# EMS and knees



## gradygirl

I just found out that I may have torn the meniscal cartilage in my knee and I am a little concerned as to how this injury, even if fixed, will affect my performances as an EMT. I haven't done many transports, so I don't yet fully know how much demand is put on an transporting EMT's knees.

Could anyone give me a better idea? :unsure: 

*I am not an active responder at the moment, as I am back home in GA and school is out.*


----------



## emt4life

I am not quite sure about that injury in particular, but as one who has dealt with a different knee injury I can suggest a couple of things.  First, follow your doctors instructions diligently, you don't want to screw the knee up even more than it already is.  Once your doctor thinks you are ready, get into physical therapy, they are mean at the time, but they work wonders.  At one point I couldn't even walk up and down stairs without pain, after physical therapy I haven't had a problem.  I had to fight for physical therapy with my insurance company, but it was completely worth it.  Once you are healed to the point that you do not need physical therapy, join a gym to keep up the strength, and consider contacting a personal trainer, they are specialists on dealing with people's different needs and can make sure you don't injure your just healed knee. 

Hope it helps!


----------



## Stevo

yeah i've only one outta two menisci (plural?) now too TCERT1987, i just hop a lot...

~S~


----------



## joemt

I have tears in the Meniscus (sp?) in both knees..... the #1 problem that I have is that on occassion, when I'm kneeling down (talking with a patient, picking something up, etc)... my knee "locks" in position.  The muscles spasm, and it's there, and very painful for quite some time... once I relax and the muscles relax as well, it's fine.... well, theres some residual dull pain for a while, but I can get up and walk.  As for a cure... don't know of one beyond possible surgery, but as you stated, you're still not ever back to 100%.  I've decided not to do surgery.... as I only have the problem on rare occassions.


----------



## disassociative

Ha; I thought this was a "How to" on getting a promotion.


----------



## Wingnut

disassociative said:
			
		

> Ha; I thought this was a "How to" on getting a promotion.


 

ROFLMFAO :lol:  :lol:  :lol: 

*dies*

OMG I needed that...................Thank you!


----------



## disassociative

disassociative said:
			
		

> Ha; I thought this was a "How to" on getting a promotion.

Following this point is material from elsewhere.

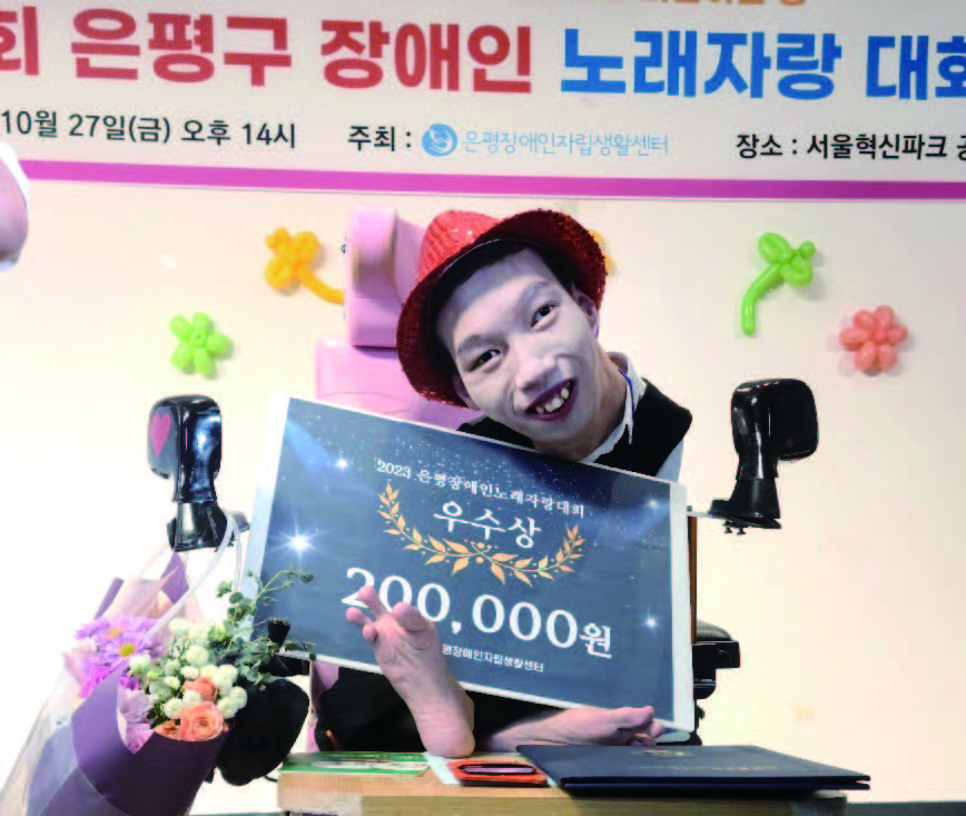 하지만 그런 유태호 불자에게도 좌절의 시기는 있었다고 합니다. 열일곱 살 무렵 척추측만증 악화로 늑골에 폐가 눌려 수면 중 호흡이 멈추는 지경에 이르렀고, 결국 8시간의 대수술을 받았지만 그 결과 손대신 사용하던 발을 자유롭게 쓰지 못하게 되었습니다. 행동의 자유를 빼앗긴 것입니다. “그때 처음으로사춘기가 왔었어요. 방에만 틀어박혀 있었고, 많이위험한 생각까지 한 적도 있었죠.”인생 최초의 좌절이 닥쳤을 때 유태호 불자를 지탱해준 사람은 생후 3개월부터 그를 돌보아주신 지웅스님이었습니다. 때로는 타이르고, 때로는 한없이품어주고, 때로는 혼을 내기도 하며 힘든 수술과 재활훈련의 고비를 함께 이겨낸 지웅스님은 그에게는제2의 ‘엄마’와 같은 분입니다. “마음으로 기르면 그것이 부모”라고 말씀하시는 지웅스님에게서 평범한가정의 부모 자식이 나누는 정을배우고 일상의 소중함을 알게 되었다고 유태호 불자는 말합니다. 지금도 하루에 수십 번 통화를 할 만큼 사이가 돈독한 지웅스님의 영향 아래, 그가 불교에 귀의한 것은어쩌면 자연스러운 일이었습니다. 매일 아침에 일어나서, 그리고 밤에 잠들기 전 부처님께 항상 절을 올린다고 하는 유태호 불자의 간절한 발원은 ‘오늘 하루도 건강하게’. 조계사 대웅전 아미타부처님 개금불사에 대해 지웅스님께 듣고 동참을 결심한 것도 비슷한 맥락입니다. “자립을 시작한 다른 장애인들 모두건강하게 지내고 안정된 삶을 이어갈 수 있도록 부처님께서 지켜주셨으면 했어요.”그가 써내려가는 매일의 기적그림도 그리고 시도 쓰는 청년, 유태호 불자. 그는 낯선 곳으로 혼자 외출하기를 두려워하지 않고, 여행하는 것을 좋아합니다. 한식 요리도 자주 하고, 요즘에는 텅드럼이라는 악기 연주에 관심이 많습니다. 곧 노래경연대회 출전도 앞두고 있습니다. 말하자면, 그는 자신에게 주어진 모든 시간 최선을 다해서 최대한경험하고 도전하기를 원하는 듯했습니다.의료진은 성년이 되기 어렵다고 했지만, 그는 이미스물여섯 살입니다. 매일매일 기적을 만들어가고 있는 셈입니다. 유태호 불자에게 살아간다는 것은 어떤의미일까요? “저는 제가 살아온 것들이 스스로 써내려간 이야기라고 생각해요. 누구에게든 보여주고싶고, 자랑하고 싶은 그런 이야기요.” 몸이 불편해도 얼마든지 충만한 인생을 누릴 수 있다는 것을 증명해내고 싶다는 말이었습니다.유태호 불자의 꿈은 무엇인지 물었습니다. “미국의주디스 휴먼이나 일본의 『오체불만족』 오토다케 히로타다처럼, 장애인 인식 개선에 기여하는 강연 전문가가 되고 싶어요. 그리고 무엇보다도, 스님께 효도하고 싶어요.” 지웅스님을 바라보며, 그는 활짝 웃었습니다.

I'm not laughing--I want that pay raise!


----------



## Wingnut

disassociative said:
			
		

> I'm not laughing--I want that pay raise!


 
Well with that approach you'll either get fired or get 2 raises!!


----------



## disassociative

I mean cmon; what EMS Manager wouldn't give you a raise for scrubbing
his floor? Oh, what were you guys thinking? Wait a minute--don't answer that, shame on you.


----------



## gradygirl

disassociative said:
			
		

> Wait a minute--don't answer that, shame on you.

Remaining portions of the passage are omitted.